*** SOURCE MATERIAL
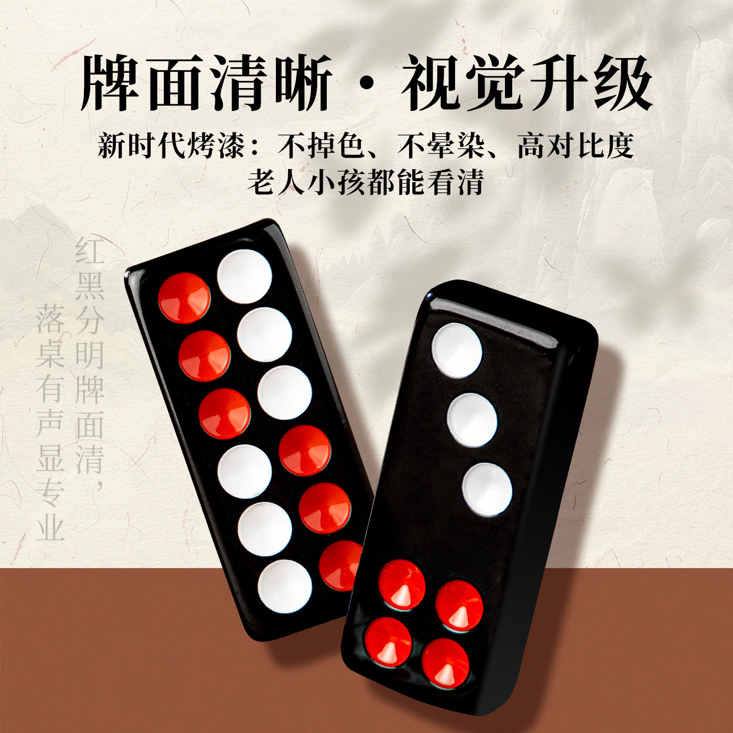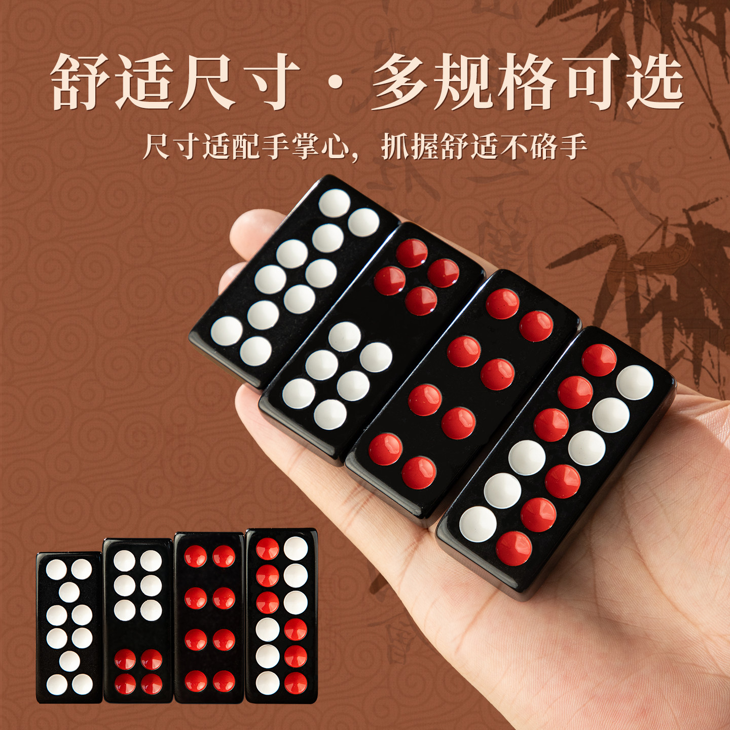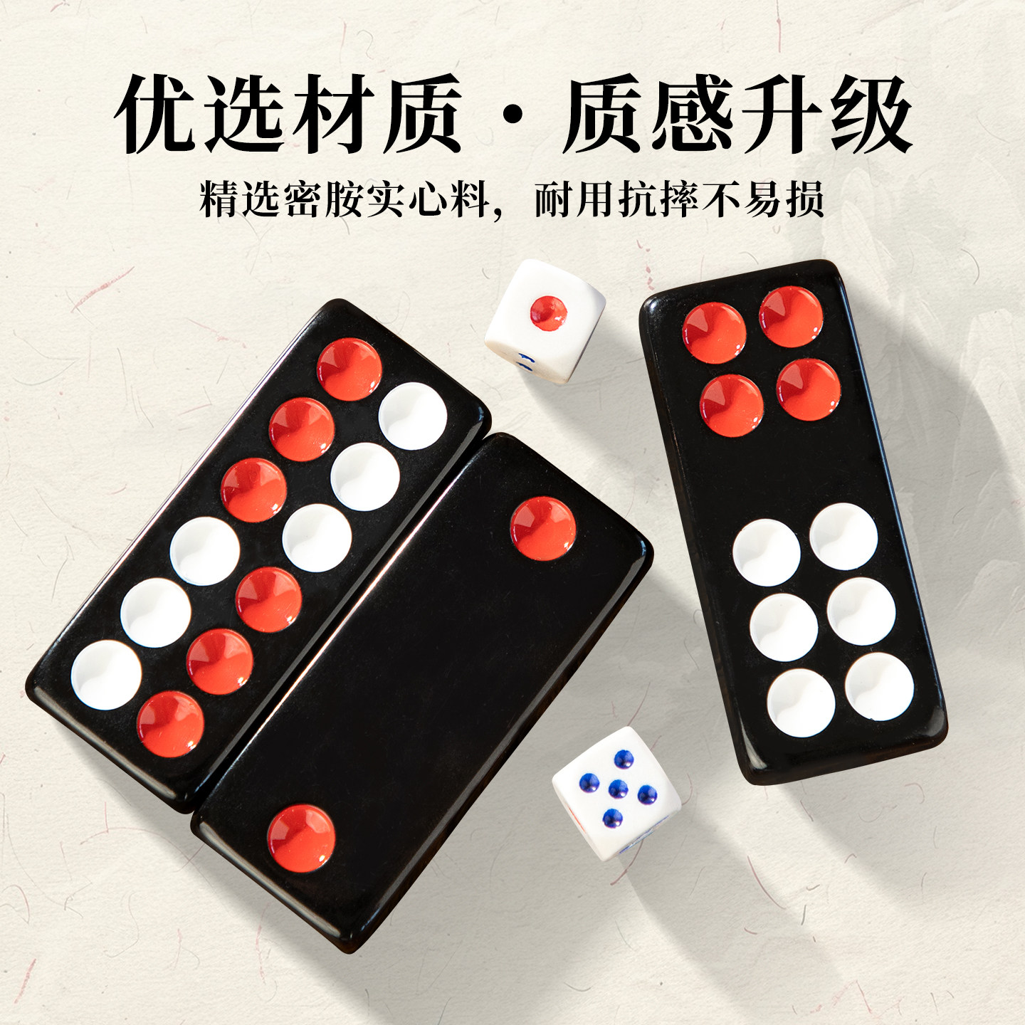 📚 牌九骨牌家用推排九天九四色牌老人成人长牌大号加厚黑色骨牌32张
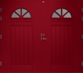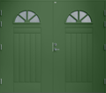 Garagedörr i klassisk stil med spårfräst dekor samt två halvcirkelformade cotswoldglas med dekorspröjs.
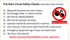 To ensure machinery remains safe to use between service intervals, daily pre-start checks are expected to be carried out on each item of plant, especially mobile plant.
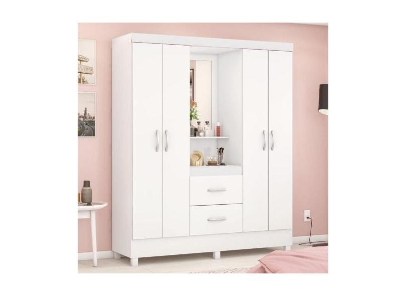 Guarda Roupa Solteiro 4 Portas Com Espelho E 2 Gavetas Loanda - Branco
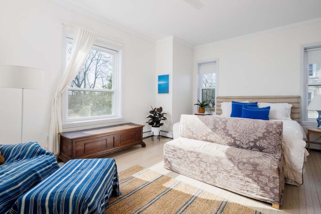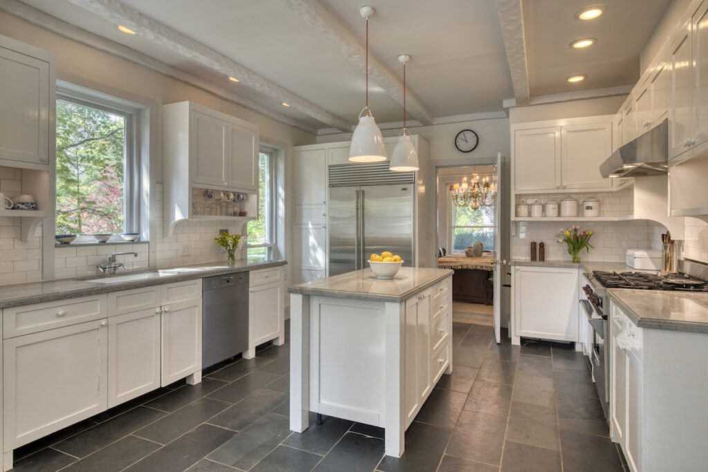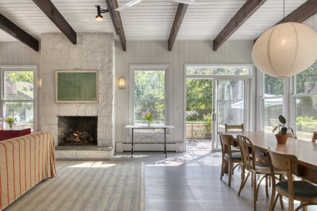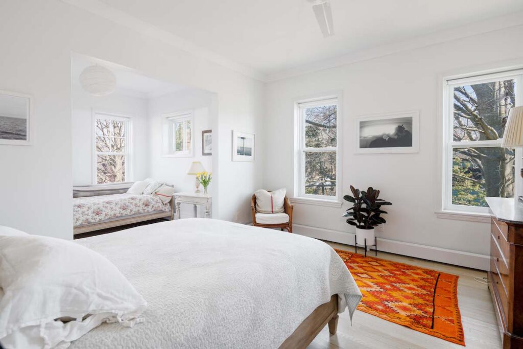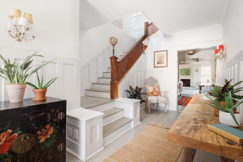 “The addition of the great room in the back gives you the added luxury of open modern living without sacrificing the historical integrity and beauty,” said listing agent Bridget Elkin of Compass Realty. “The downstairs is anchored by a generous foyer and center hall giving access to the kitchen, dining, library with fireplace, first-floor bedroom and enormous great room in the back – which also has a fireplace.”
******
*** SOURCE MATERIAL
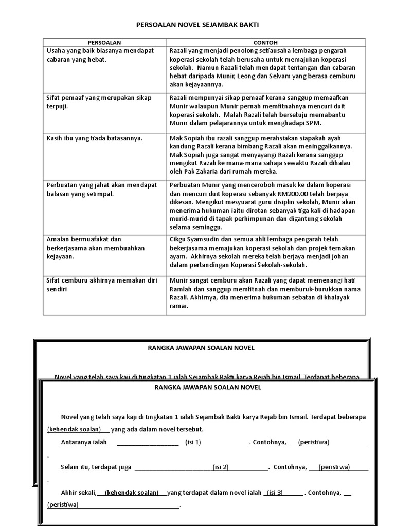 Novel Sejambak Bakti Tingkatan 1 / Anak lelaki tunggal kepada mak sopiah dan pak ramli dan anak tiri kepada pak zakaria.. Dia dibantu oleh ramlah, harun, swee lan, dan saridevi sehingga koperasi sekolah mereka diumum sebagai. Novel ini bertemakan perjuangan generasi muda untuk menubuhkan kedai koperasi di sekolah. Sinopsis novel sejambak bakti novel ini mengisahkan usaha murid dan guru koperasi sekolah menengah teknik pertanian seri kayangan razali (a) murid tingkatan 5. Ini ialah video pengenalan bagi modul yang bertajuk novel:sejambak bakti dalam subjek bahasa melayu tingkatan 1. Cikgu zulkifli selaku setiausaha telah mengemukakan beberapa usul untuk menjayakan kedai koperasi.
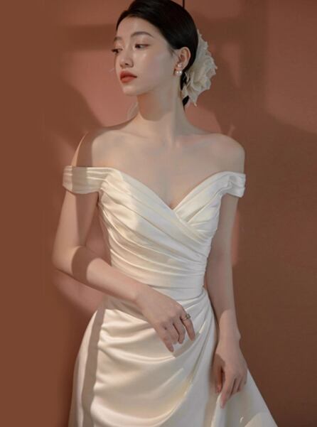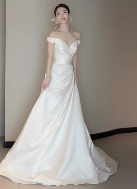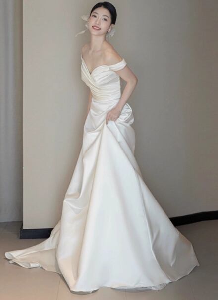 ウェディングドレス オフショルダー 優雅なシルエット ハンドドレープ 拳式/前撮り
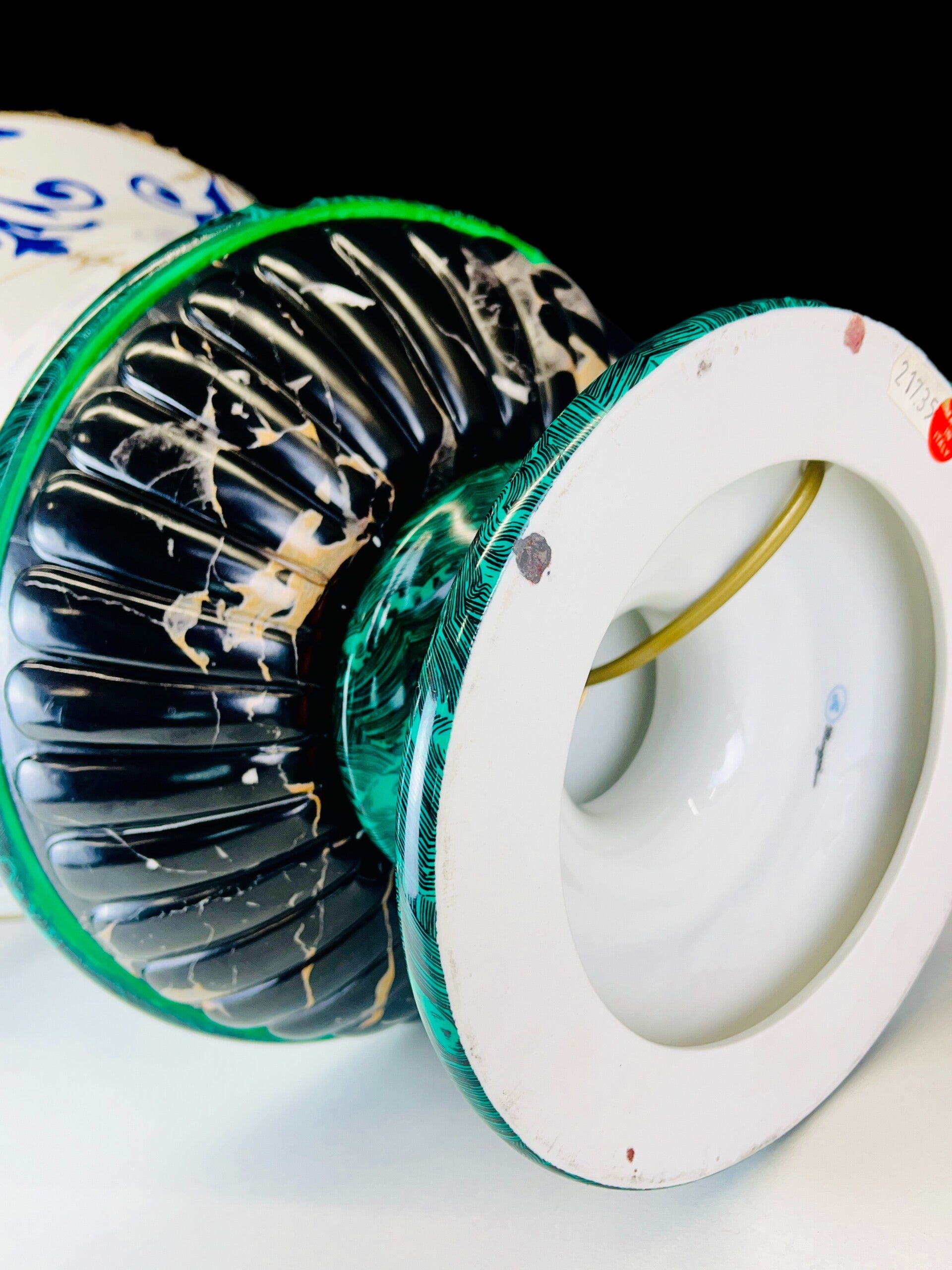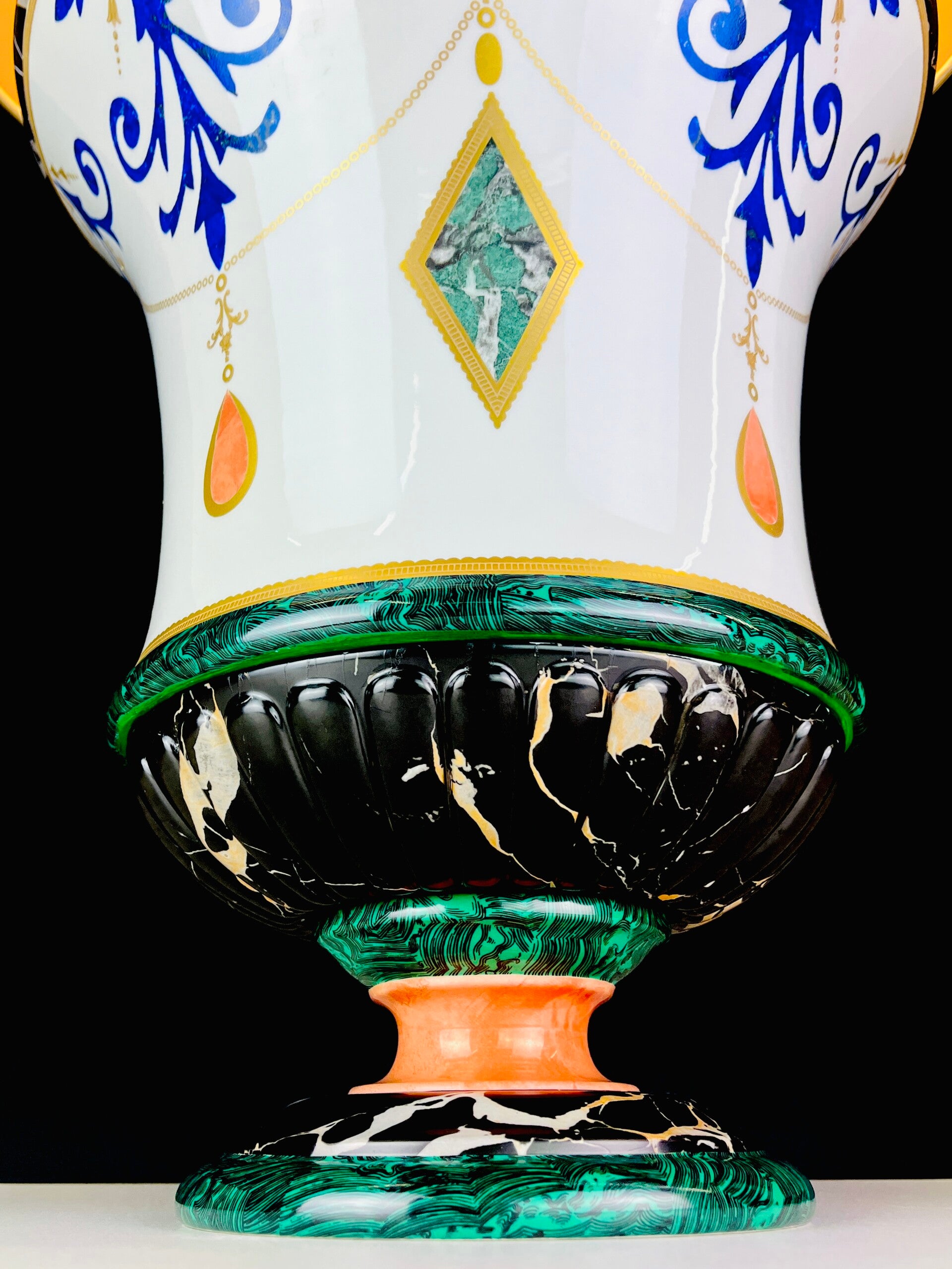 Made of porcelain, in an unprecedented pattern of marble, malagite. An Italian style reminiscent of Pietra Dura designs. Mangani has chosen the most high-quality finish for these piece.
******
## WHAT YOU NEED TO DO
Each line above starting at the one holding "ウェディングドレス オフショルダー 優雅なシルエット ハンドドレープ 拳式/前撮り" and ending at the one holding "Made of porcelain, in" should be set down exactly as it stands, both ends included, with no pictures.

## ANSWER SPACE
 ウェディングドレス オフショルダー 優雅なシルエット ハンドドレープ 拳式/前撮り
 Made of porcelain, in an unprecedented pattern of marble, malagite. An Italian style reminiscent of Pietra Dura designs. Mangani has chosen the most high-quality finish for these piece.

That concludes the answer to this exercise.